Die Abhängigkeit von amerikanischen Cloud- und IT-Anbietern wird für Unternehmen weltweit zu einem geopolitischen Risikofaktor. Eine aktuelle Umfrage dokumentiert dieses Unbehagen eindrucksvoll: Fast drei Viertel der befragten Unternehmensverantwortlichen fürchten, dass US-Behörden künftig Druck auf amerikanische IT-Anbieter ausüben könnten, um deren Dienste selektiv zu sperren oder zu drosseln.
Das Szenario ist nicht rein spekulativ. Historisch haben die USA bereits Sanktionsmechanismen gegen Unternehmen und Länder eingesetzt, die den strategischen Interessen widersprachen.
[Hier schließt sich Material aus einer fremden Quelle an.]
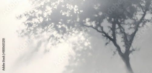 Soft monochrome silhouette of a tree with dappled light and dreamy shadows evoking calm and quiet
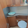 La cocina está equipada con fregadero y cuenta con amplios cajones y espacios de almacenamiento, pensados para un uso práctico durante los viajes. El cuarto de baño dispone de ducha y WC separados, aportando mayor confort e independencia en el uso diario.
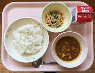 今日の給食は、県から提供していただいた、宮崎の地鶏ブランドである「みやざき地頭鶏」を使ったカレーでした。普通の地鶏が80日間ほど飼育されるのに対して、「みやざき地頭鶏」は120~150日間という長い期間、ストレスのない環境での中で手間と愛情を注いで育てられているそうです。広々とした地面を自由に走り回れるので身が引き締まって、脂肪が少なく、歯ごたえがあって、うまみたっぷりのジューシーな肉汁が出るのが特徴です。よく噛んで味わっていただきました。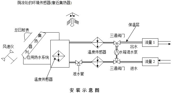 1.太陽能系統(tǒng):太陽能真空管式集熱器、蓄熱水箱
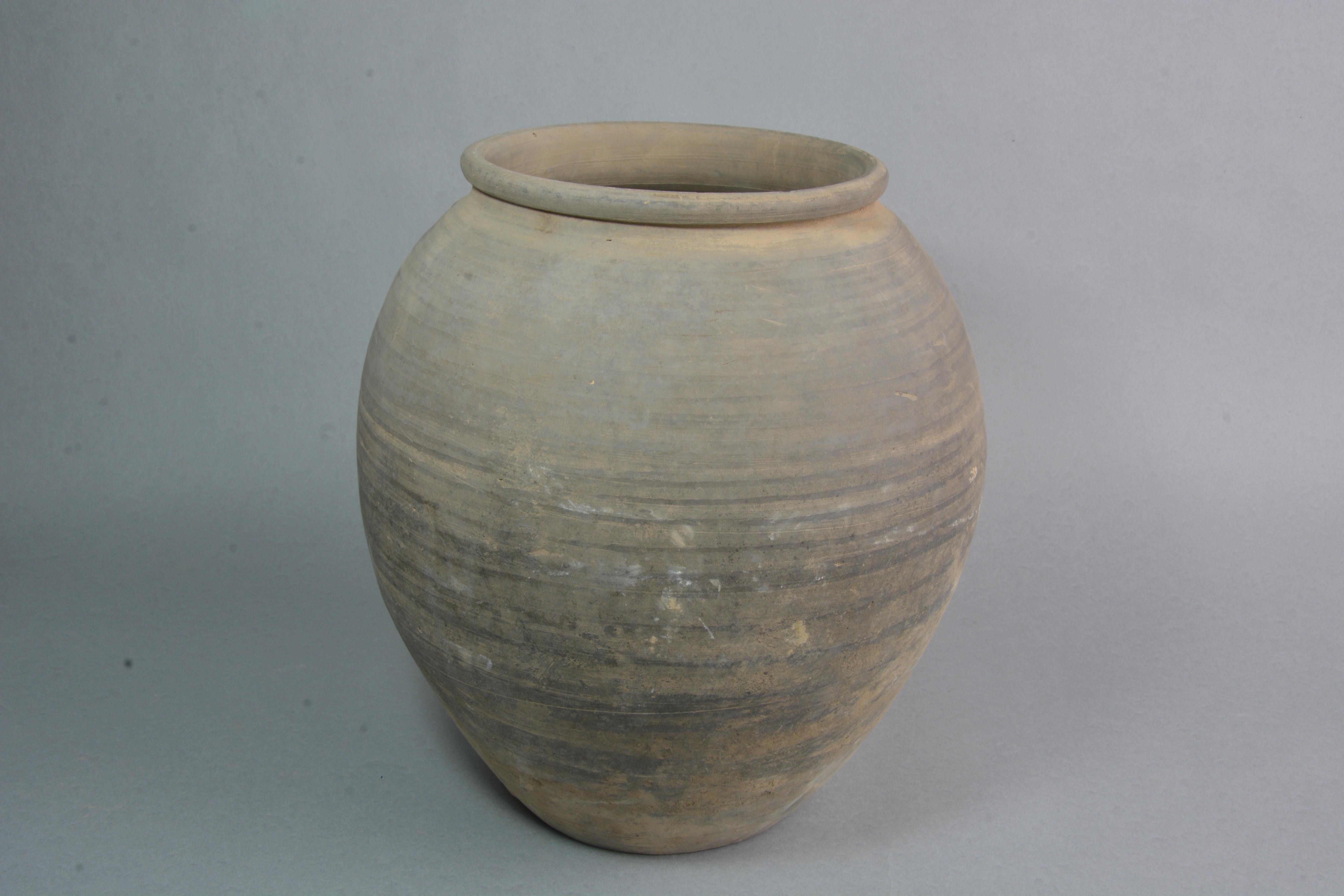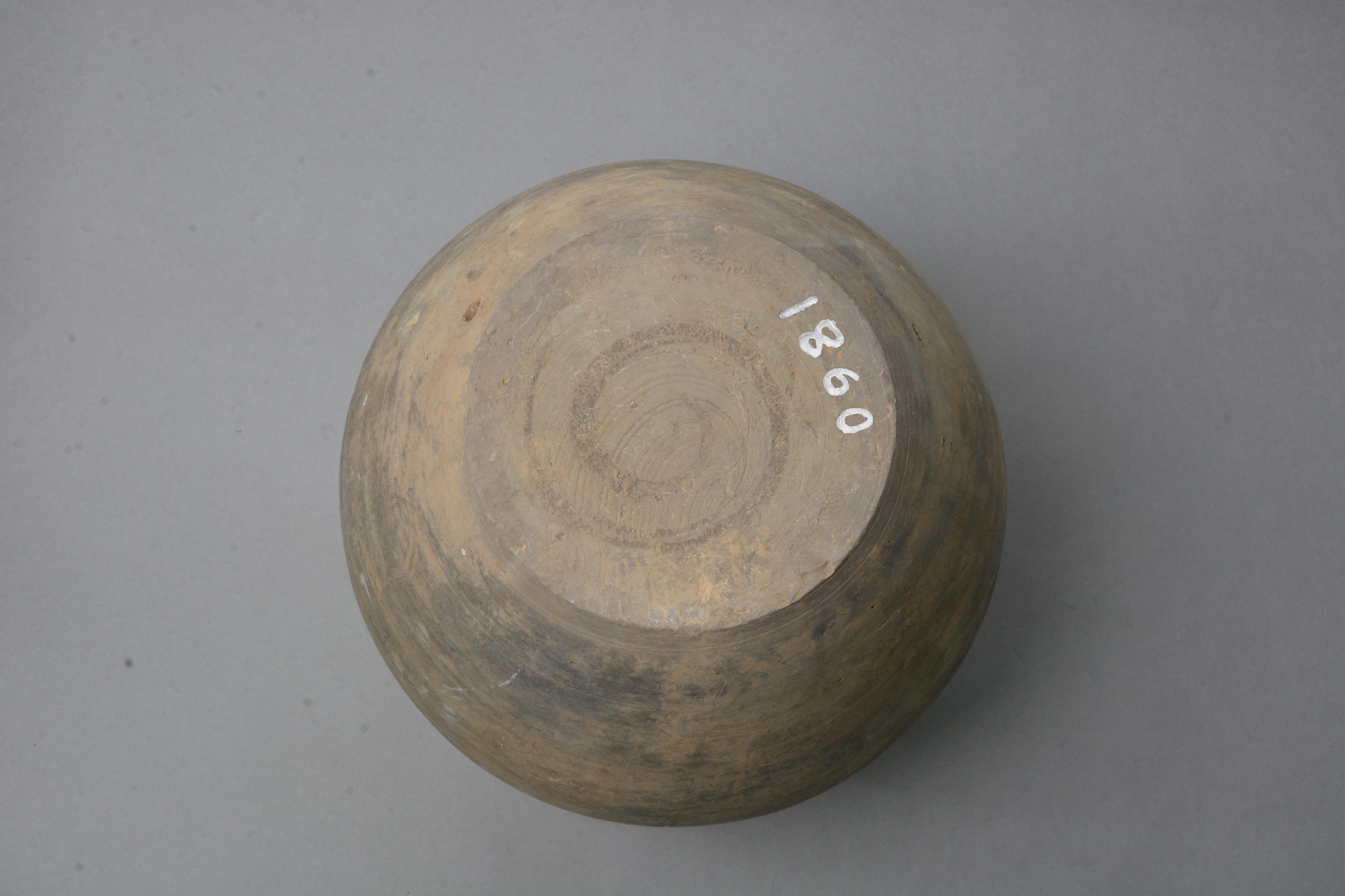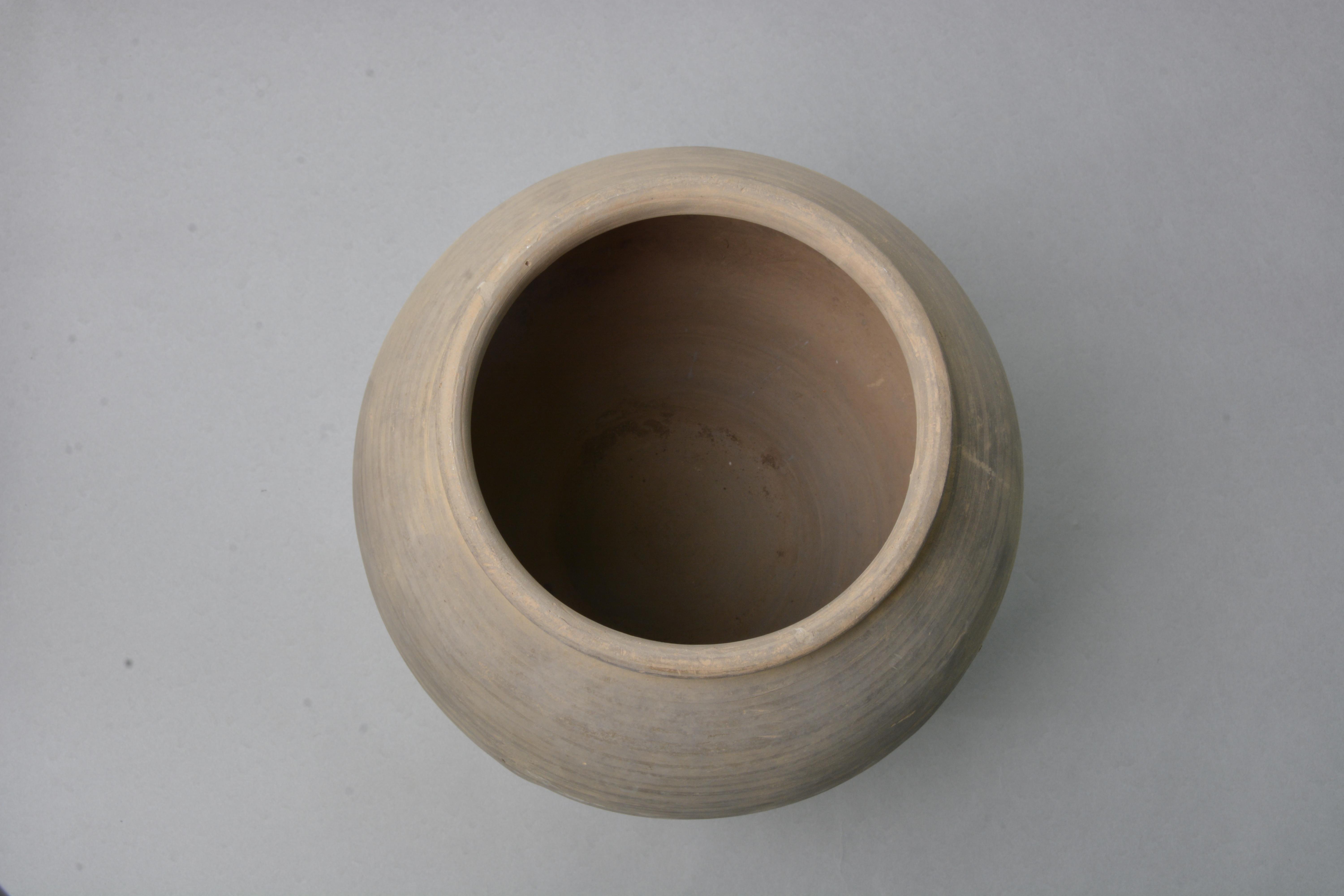 泥质灰陶。侈口,圆唇,短颈,深腹,平底。器表有轮制痕迹。

Im digitalen Kontext könnte dies bedeuten: Ein Anbieter wie AWS, Microsoft Azure oder Google Cloud könnte durch behördliche Anordnung gezwungen werden, den Zugriff auf Daten oder Dienste für bestimmte Länder, Branchen oder sogar einzelne Unternehmen zu sperren.
Für europäische und schweizer Betriebe wäre dies existenziell problematisch. Wer seine Geschäftsdaten und Systeme auf US-Cloud-Infrastruktur betreibt, ist potenziell diesen Risiken ausgesetzt. In Szenarien von geopolitischen Spannungen oder neuer Sanktionsloge könnte ein «Kill-Switch» gravierende geschäftliche Ausfälle bedeuten.
Diese Sorgen treiben die Nachfrage nach europäischen und nationalen Cloud- und IT-Alternativen. Länder wie Frankreich und Deutschland fördern gezielt europäische Cloud-Anbieter. Auch die Schweiz wird in diesem Kontext relevanter als Standort für Datenverarbeitung und IT-Infrastruktur, falls Schweizer oder europäische Betriebe zur Reduktion von USA-Abhängigkeit tendieren.
Für KMU ist die praktische Botschaft klar: Es lohnt sich, bei kritischen Systemen eine geografische und jurisdiktionelle Diversifikation zu prüfen. Das muss nicht bedeuten, US-Anbieter komplett zu meiden, aber die Aufteilung von Workloads auf mehrere Regionen und Anbieter reduziert das Risiko.